The cell includes two multi-level tungsten carbide inserts racks with drawers into which the cell operator places raw castings and removes completed parts. To start the process, the robot opens a drawer to grip a raw casting by its hub. A camera mounted above the rack views the part number on tabs on the end of each blade to verify the robot is picking the correct part. (These tabs are also used for locating and clamping the parts in the five-axis machines’ fixtures.) Another camera on the robot’s arm then detects the part’s orientation so the robot properly positions the gripper without contacting the blades.

Next, the part is delivered to the op. 10 vertical lathe for internal and external machining of the hub half facing upward. The other half of the hub is secured by a custom power chuck from Co-Op Tool, a division of Hammill Mfg. The machine also uses a custom plunge tool from Cline Tool, which combines four operations into one cutter body. This is helpful because many tools for the turning and boring operations are so large that adjacent ATC pockets must remain empty to accommodate them. The custom cutter saves three ATC pockets. The machine also makes use of flood coolant and through-tool air delivery to help remove chips from the insides of the freshly machined hubs.

Once op. 10 work is completed, the robot grips the part, the power chuck disengages and the robot takes the part to a flip station. The station then lowers, and the robot, now with the gripper, facing down, grips the other side of the hub. It then takes the part to the second lathe for op. 20 hub work, which is similar to the op. 10 work. (See video below.)

Five-axis blade milling is next. The op. 30 machine mills one side of each blade, and the op. 40 machine mills the other side. This is where the trick fixturing created specifically for this application shines.

In addition to the custom lathe workholding devices, Co-Op Tool supplied the two unique hydraulic workholding fixtures for the op. 30 and op. 40 blade milling work. Dave Bermudez, the company’s senior design engineer, created the fixtures. When pallets of fixtured parts shuttle in and out of machine workzones, the pallet with locating elements that seat into the machine is typically separate from the fixture. However, given the size of the propellers, and being that Z-axis space is limited in such five-axis machines, the pallets had to be integrated into the fixtures themselves. Mr. Bermudez says this reduced the height of each fixture by approximately 4 inches. But he notes it also meant that hydraulic circuits that normally would be routed internally in the fixtures had to be plumbed externally.

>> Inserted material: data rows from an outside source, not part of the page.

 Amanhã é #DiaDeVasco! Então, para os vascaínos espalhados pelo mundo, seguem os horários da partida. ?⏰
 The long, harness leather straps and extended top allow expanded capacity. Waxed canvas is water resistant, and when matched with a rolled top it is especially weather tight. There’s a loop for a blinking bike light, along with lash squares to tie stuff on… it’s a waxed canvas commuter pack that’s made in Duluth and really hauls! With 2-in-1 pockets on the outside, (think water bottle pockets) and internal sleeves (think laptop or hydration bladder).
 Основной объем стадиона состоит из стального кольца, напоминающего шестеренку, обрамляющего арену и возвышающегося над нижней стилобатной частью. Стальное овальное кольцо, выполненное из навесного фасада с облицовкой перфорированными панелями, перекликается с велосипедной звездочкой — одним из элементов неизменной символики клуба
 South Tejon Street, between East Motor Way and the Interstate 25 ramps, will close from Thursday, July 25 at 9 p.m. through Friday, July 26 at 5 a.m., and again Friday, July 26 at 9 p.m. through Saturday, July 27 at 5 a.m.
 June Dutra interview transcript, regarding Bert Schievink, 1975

These fixtures feature a center collet chuck designed by Co-Op Tool onto which a propeller locates and is secured after the robot places it in the fixture. (Prior to clamping, the robot rotates the part slightly so the tabs contact stops to ensure proper positioning in the fixture.) Hydraulically actuated swing clamps from Vektek then move into position to pinch the tabs at the end of each blade. Next, spring-loaded workholding supports under each blade lock into position once they contact the underside of the part to prevent vibration during machining.

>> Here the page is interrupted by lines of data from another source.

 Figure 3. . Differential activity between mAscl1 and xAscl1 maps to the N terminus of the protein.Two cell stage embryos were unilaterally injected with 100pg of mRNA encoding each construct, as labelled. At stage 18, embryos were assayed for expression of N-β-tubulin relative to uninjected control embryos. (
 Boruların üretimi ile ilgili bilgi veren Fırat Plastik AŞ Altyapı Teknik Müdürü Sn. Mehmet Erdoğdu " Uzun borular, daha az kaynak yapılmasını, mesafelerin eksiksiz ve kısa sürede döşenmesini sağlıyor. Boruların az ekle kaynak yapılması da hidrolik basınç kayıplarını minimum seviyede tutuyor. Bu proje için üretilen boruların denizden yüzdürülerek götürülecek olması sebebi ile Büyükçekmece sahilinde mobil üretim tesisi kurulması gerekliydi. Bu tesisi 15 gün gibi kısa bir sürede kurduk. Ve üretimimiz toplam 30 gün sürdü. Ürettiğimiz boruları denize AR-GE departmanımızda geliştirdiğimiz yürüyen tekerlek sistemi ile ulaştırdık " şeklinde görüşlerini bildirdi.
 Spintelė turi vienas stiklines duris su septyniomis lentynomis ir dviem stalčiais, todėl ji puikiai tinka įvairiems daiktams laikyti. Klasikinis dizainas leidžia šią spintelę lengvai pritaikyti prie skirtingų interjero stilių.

Because each casting varies as to how much flash or extra material it might have, the single finishing pass is preceded by a roughing pass that removes extra material. This pass might do a good bit of air cutting, but it reduces the chance of tool breakage on the finishing pass.

Touch probing is performed for both the op. 30 and op. 40 blade-milling operations. Once a fixture with part is loaded into a machine, a spindle-mounted touch probe locates the center and top of the hub to ensure it is properly positioned and seated in the fixture. It then touches off on the tabs to ensure the propellers are oriented correctly in the fixture. These probing routines add 10 minutes to the overall cycle time (bringing the total to 40 minutes), but the shop justifies this because they ensure proper positioning in the fixture. In addition, all cutting tools are probed to check for insert breakage before being delivered back to the ATC carousel. If it is determined that a tool did break, a redundant tool is called up and that operation is repeated.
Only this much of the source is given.